__Task directions__:
Starting with the line with "Oferowany świecznik to" in the entries below and going on through the line with "The sight was", output every line exactly and nothing more. No pictures.

** Opening Given data block **

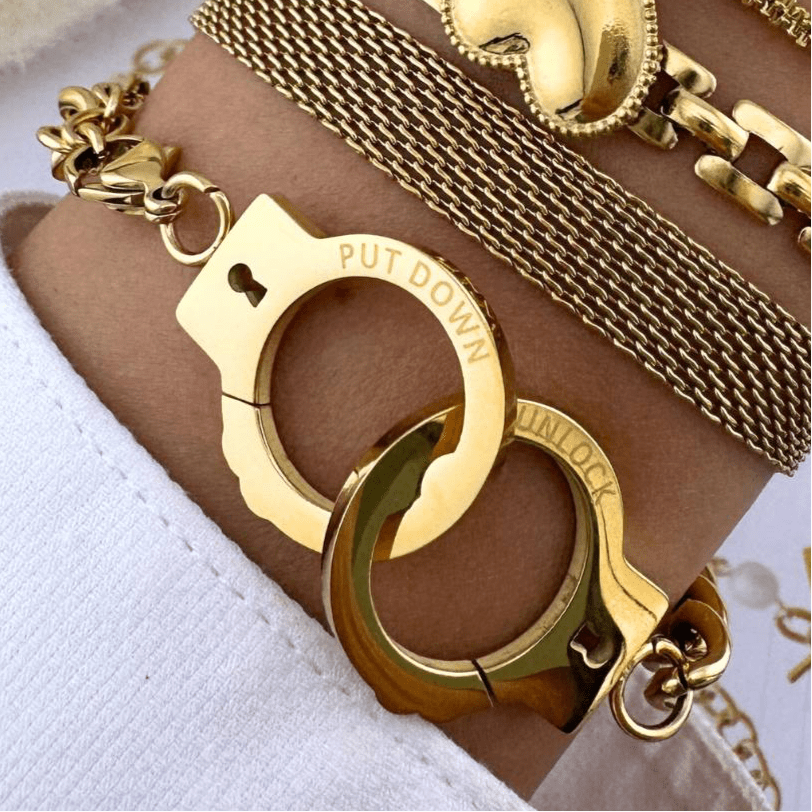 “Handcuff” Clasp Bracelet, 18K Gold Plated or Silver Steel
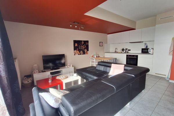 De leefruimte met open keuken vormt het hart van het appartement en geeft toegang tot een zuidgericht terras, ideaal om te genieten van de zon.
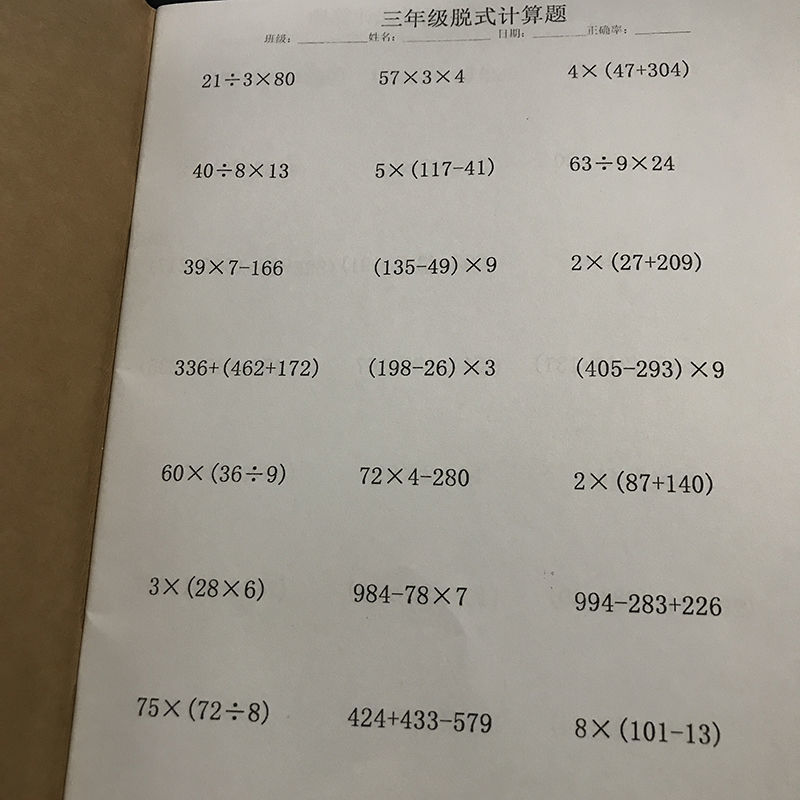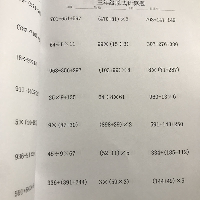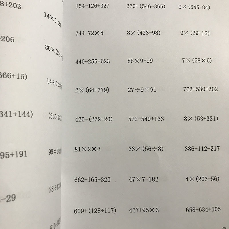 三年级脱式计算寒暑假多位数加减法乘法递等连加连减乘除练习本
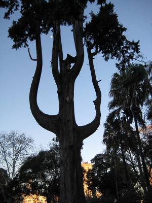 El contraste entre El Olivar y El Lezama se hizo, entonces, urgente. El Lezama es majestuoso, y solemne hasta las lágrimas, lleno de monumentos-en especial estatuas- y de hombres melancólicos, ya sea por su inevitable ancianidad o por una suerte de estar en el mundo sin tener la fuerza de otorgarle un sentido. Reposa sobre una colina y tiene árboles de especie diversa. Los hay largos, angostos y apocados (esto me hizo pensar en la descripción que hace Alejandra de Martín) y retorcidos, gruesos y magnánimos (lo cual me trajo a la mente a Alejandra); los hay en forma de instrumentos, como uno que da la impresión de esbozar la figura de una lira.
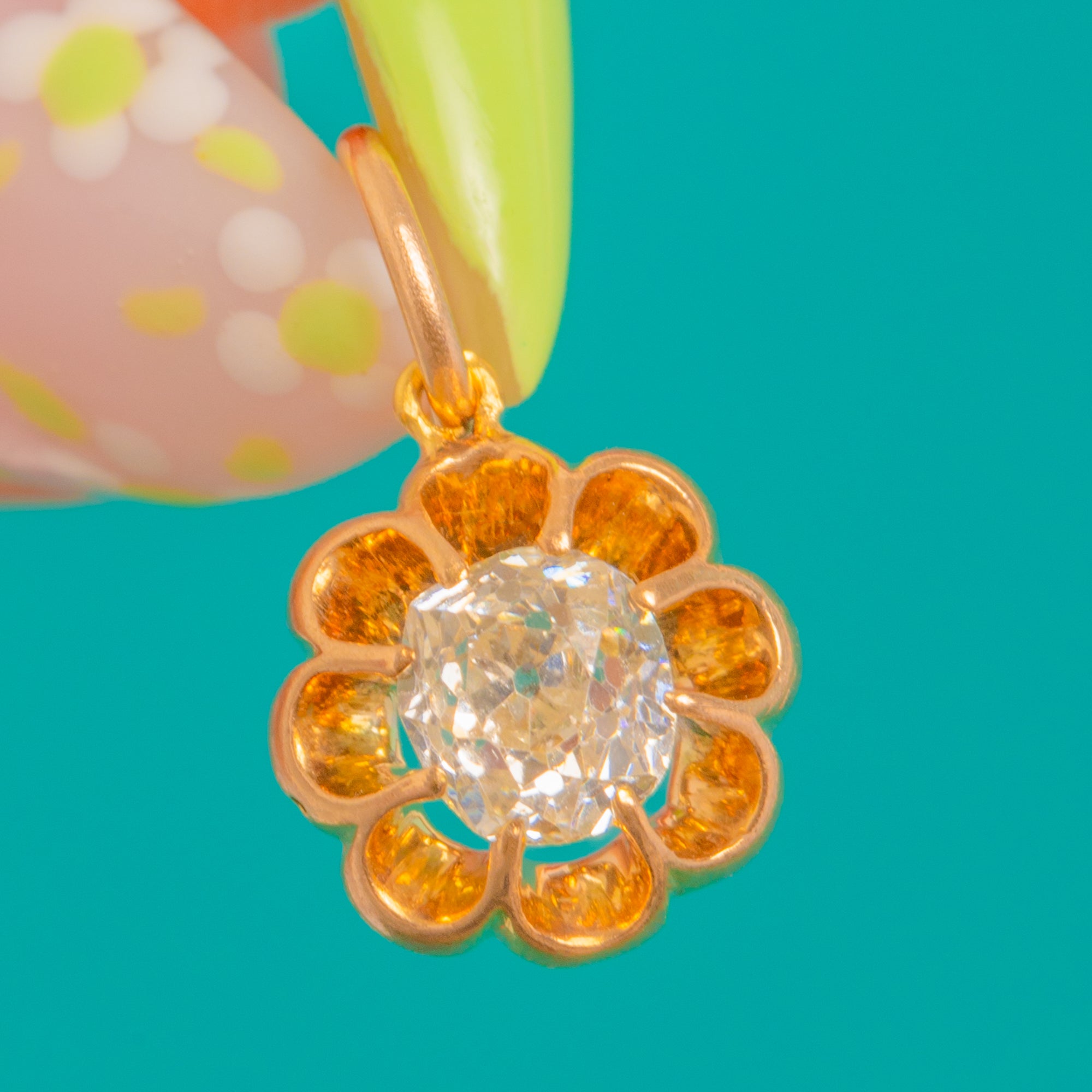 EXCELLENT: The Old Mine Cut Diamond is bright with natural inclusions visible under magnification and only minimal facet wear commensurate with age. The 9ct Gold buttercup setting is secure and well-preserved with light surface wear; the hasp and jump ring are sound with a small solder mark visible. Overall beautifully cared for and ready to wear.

** Closing Given data block **
** Opening Given data block **

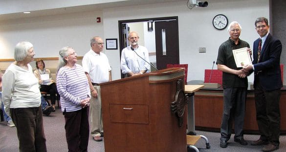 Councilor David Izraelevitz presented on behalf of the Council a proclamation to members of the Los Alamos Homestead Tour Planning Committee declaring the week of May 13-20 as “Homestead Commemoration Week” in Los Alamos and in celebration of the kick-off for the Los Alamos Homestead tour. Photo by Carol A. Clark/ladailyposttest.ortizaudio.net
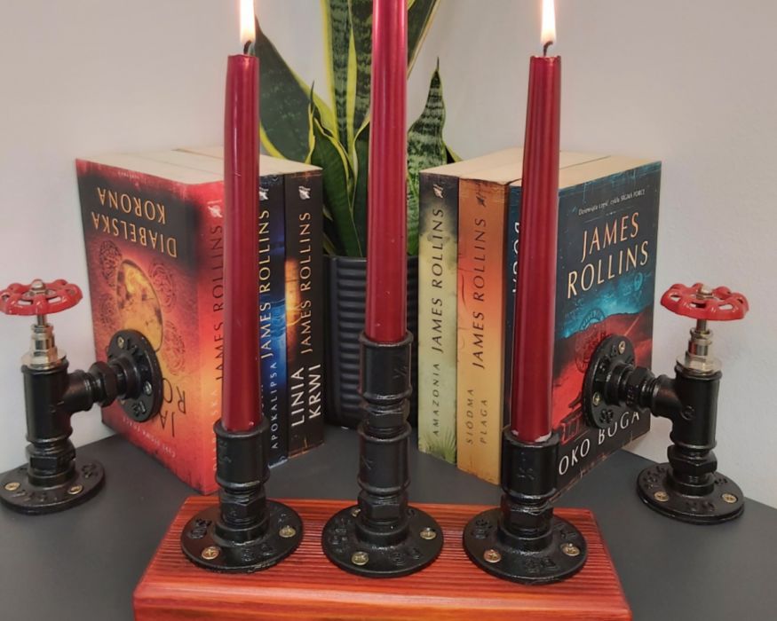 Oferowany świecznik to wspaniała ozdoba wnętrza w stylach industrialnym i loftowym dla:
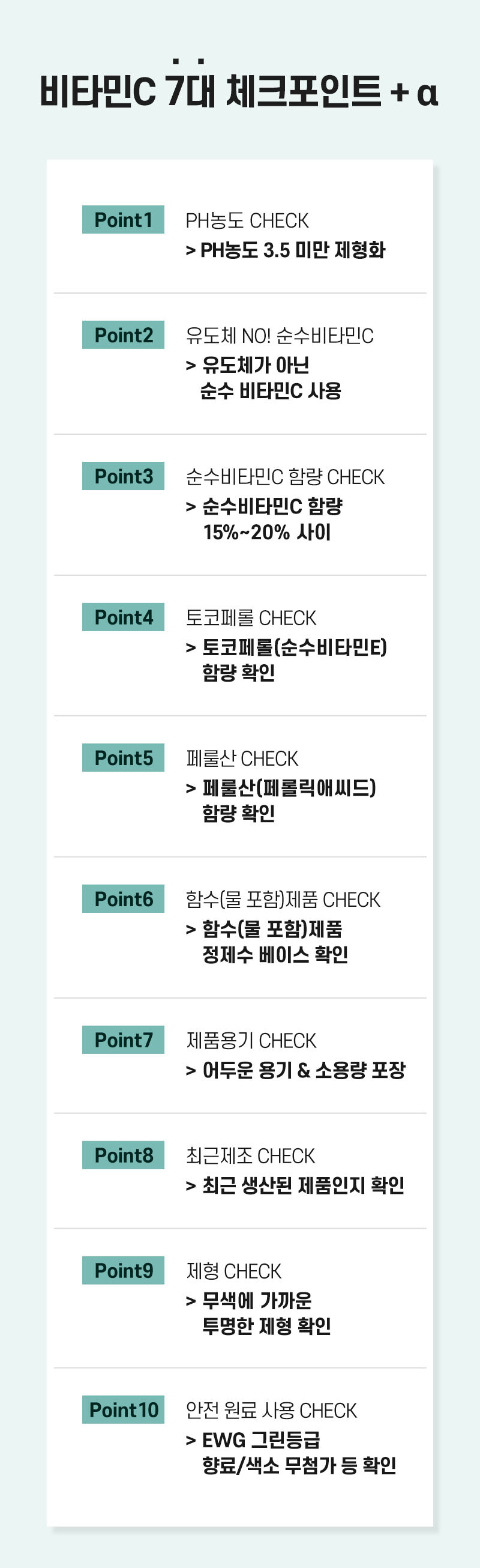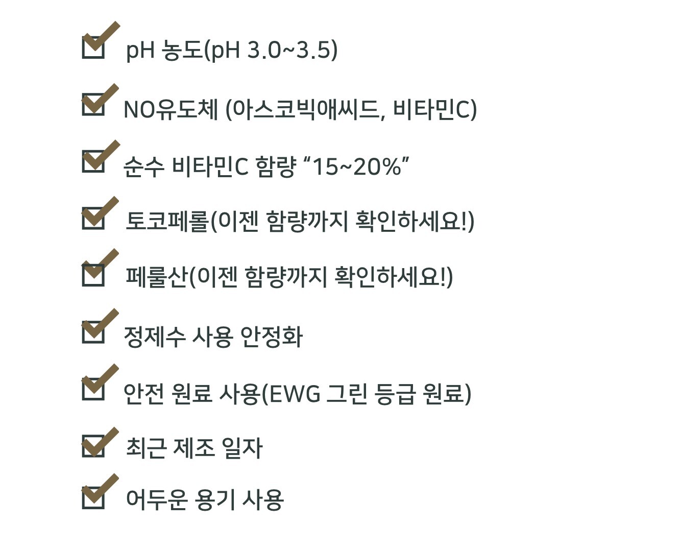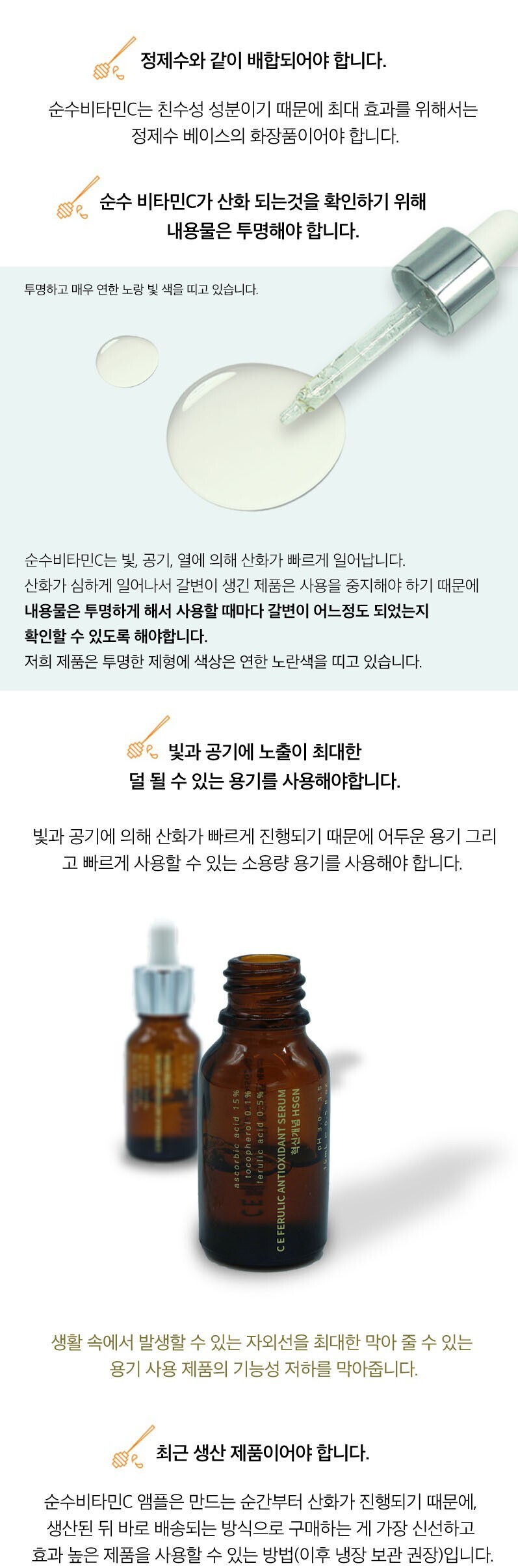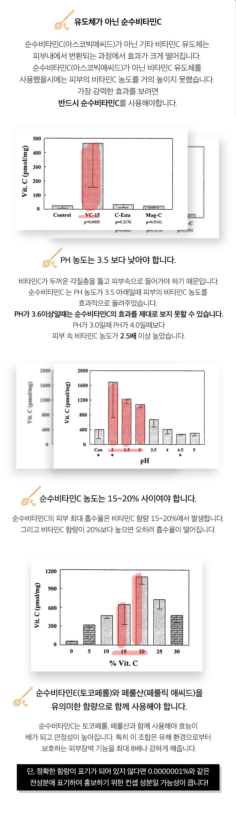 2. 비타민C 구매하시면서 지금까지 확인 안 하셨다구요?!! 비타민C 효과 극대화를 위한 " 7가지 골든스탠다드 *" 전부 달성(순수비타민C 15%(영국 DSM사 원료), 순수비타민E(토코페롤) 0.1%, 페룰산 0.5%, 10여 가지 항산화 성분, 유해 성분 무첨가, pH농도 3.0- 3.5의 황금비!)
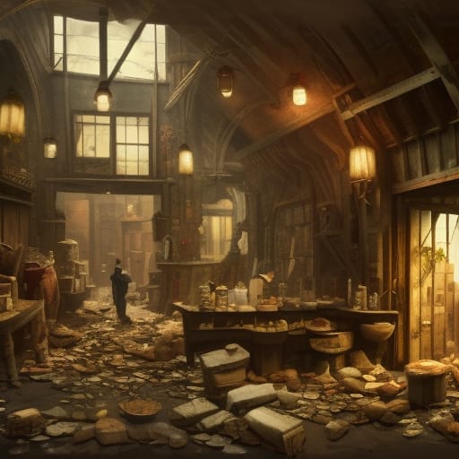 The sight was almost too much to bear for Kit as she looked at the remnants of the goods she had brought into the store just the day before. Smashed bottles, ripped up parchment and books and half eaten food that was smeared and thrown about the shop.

** Closing Given data block **
** Opening Given data block **

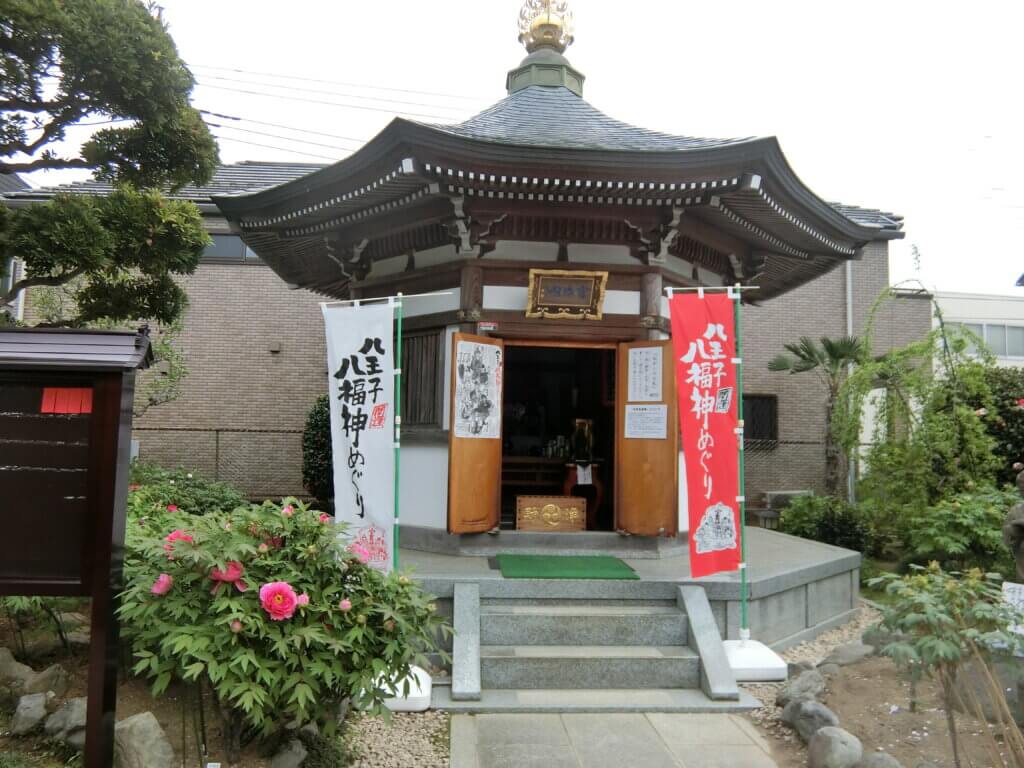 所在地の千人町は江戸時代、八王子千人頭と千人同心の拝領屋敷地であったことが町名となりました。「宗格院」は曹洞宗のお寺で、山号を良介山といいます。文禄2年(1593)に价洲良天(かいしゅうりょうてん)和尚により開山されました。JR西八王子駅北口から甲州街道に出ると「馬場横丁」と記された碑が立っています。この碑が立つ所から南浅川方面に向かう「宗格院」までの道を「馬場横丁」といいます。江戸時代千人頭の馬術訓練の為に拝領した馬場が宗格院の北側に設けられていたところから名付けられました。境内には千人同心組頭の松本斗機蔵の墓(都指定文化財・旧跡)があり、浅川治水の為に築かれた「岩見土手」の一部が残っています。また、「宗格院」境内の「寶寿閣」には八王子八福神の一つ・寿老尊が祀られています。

** Closing Given data block **

__Solution to this exercise__:
 Oferowany świecznik to wspaniała ozdoba wnętrza w stylach industrialnym i loftowym dla:
 2. 비타민C 구매하시면서 지금까지 확인 안 하셨다구요?!! 비타민C 효과 극대화를 위한 " 7가지 골든스탠다드 *" 전부 달성(순수비타민C 15%(영국 DSM사 원료), 순수비타민E(토코페롤) 0.1%, 페룰산 0.5%, 10여 가지 항산화 성분, 유해 성분 무첨가, pH농도 3.0- 3.5의 황금비!)
 The sight was almost too much to bear for Kit as she looked at the remnants of the goods she had brought into the store just the day before. Smashed bottles, ripped up parchment and books and half eaten food that was smeared and thrown about the shop.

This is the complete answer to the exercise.